Denn Schwammerl sind weit mehr als Schmankerl. „Pilze sind ein wichtiger Bestandteil unseres Ökosystems“, erklärt Grünert. Jeder Pilz erfüllt demnach eine dieser beiden Aufgaben: Entweder zersetzt er organisches, totes Material aus dem Wald. 

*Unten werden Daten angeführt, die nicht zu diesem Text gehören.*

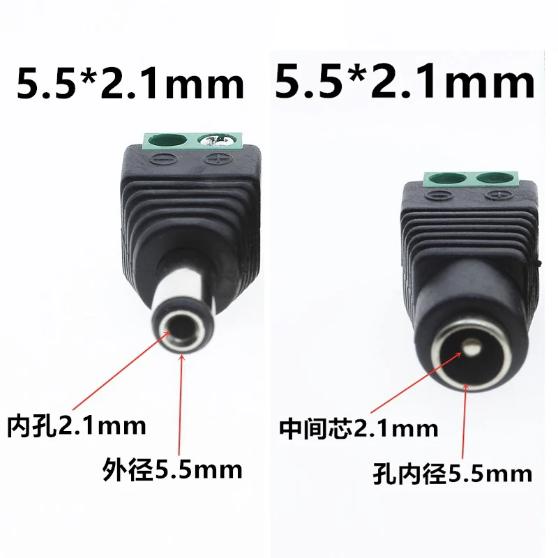 Новинка и высокое качество Простой и профессиональный внешний вид для силовых кабелей Легкий для камеры и светодиодный светильник прокладки установки, экономит время и больше безопасности кабельного соединения Нет электрического крана, нет сращивания, нет обжима, но только маленький отвертка 5,5 мм x 2,1 мм Женский Разъем питания Внутренний Диаметр штекера: 2,1 мм Внешний Диаметр штекера: 5,5 мм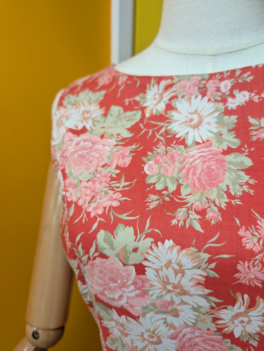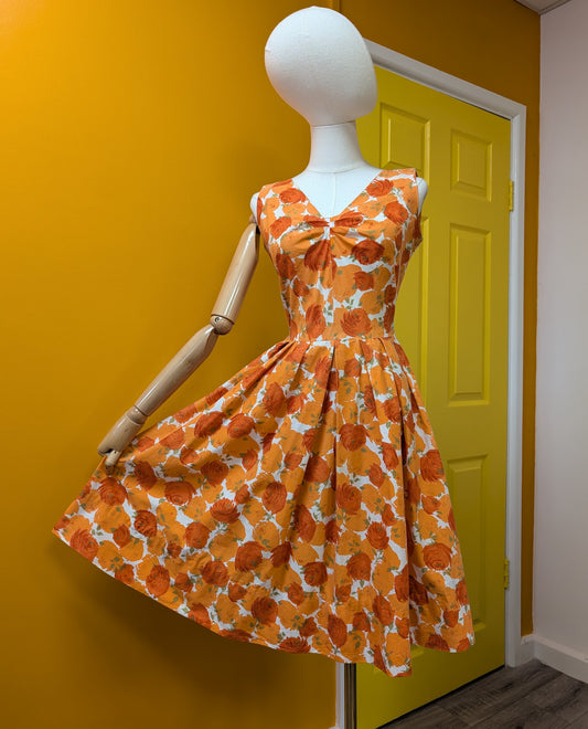 Late 1950s Modern Classics orange floral cotton dress - XS/S/6/8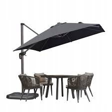 - System korbowy tego wspornikowego parasola ułatwia podnoszenie i opuszczanie czaszy, unikalna konstrukcja uchwytu sprawia, że przechylanie parasola jest bezproblemowe, pedał nożny umożliwia pełny obrót o 360 stopni.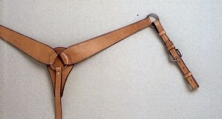 For work or pleasure this comfortable breast collar is doubled and stitched of quality saddle leather for extra durability. Tapers from 2 3/4" to 1 1/4. Smoothed edges and a heavy steel center ring.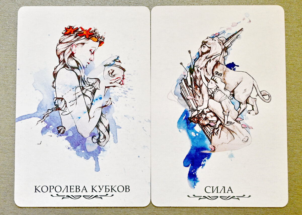 Только движение это будет не через слом и нагрузки - через глубинное понимание мира и через взаимную любовь со всей Вселенной. Королева кубков показывает потоки любви, нежности, чувственности, удовлетворенности. А Сила- это крупные результаты, возможность принять в свою жизнь значимые результаты, превосходящие ожидания.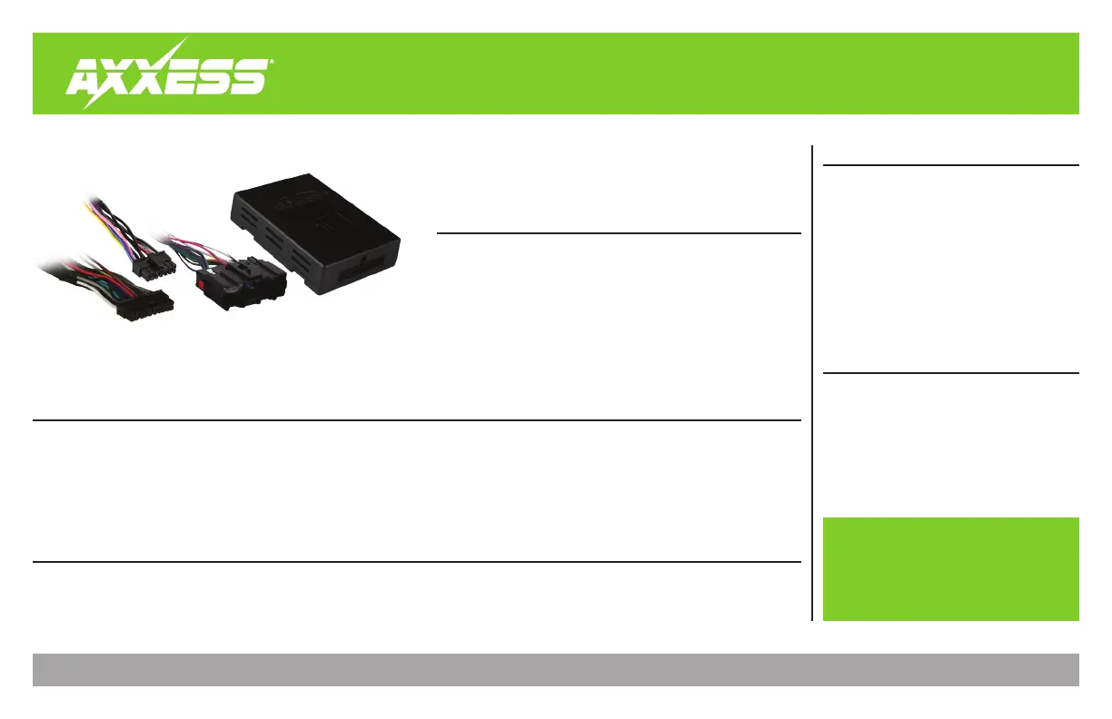 Lies die bedienungsanleitung für Axxess AXGMLN-06 (4 Seiten) kostenlos online; sie gehört zur Kategorie Nicht kategorisiert. Dieses Handbuch wurde von 4 Personen als hilfreich bewertet und erhielt im Schnitt 4.3 Sterne aus 8 Bewertungen. Hast du eine Frage zu Axxess AXGMLN-06 oder möchtest du andere Nutzer dieses Produkts befragen? Stelle eine Frage

Oder er versorgt unterirdisch Bäume über ihre Wurzeln mit Wasser und Nährstoffen. „Deswegen ist es so wichtig, dass der Lebensraum der Pilze erhalten bleibt“, sagt Grünert. Und umgekehrt können manche Pflanzen ohne die Pilze gar nicht wachsen. 

Die Orchidee etwa könnte ohne die Pilze nicht blühen. Dabei war Grünert früher selbst vom Jagdfieber gepackt: „Schon als Kind haben meine Eltern mit mir Speisepilze gesammelt.“ Doch heute ist das freilich anders. 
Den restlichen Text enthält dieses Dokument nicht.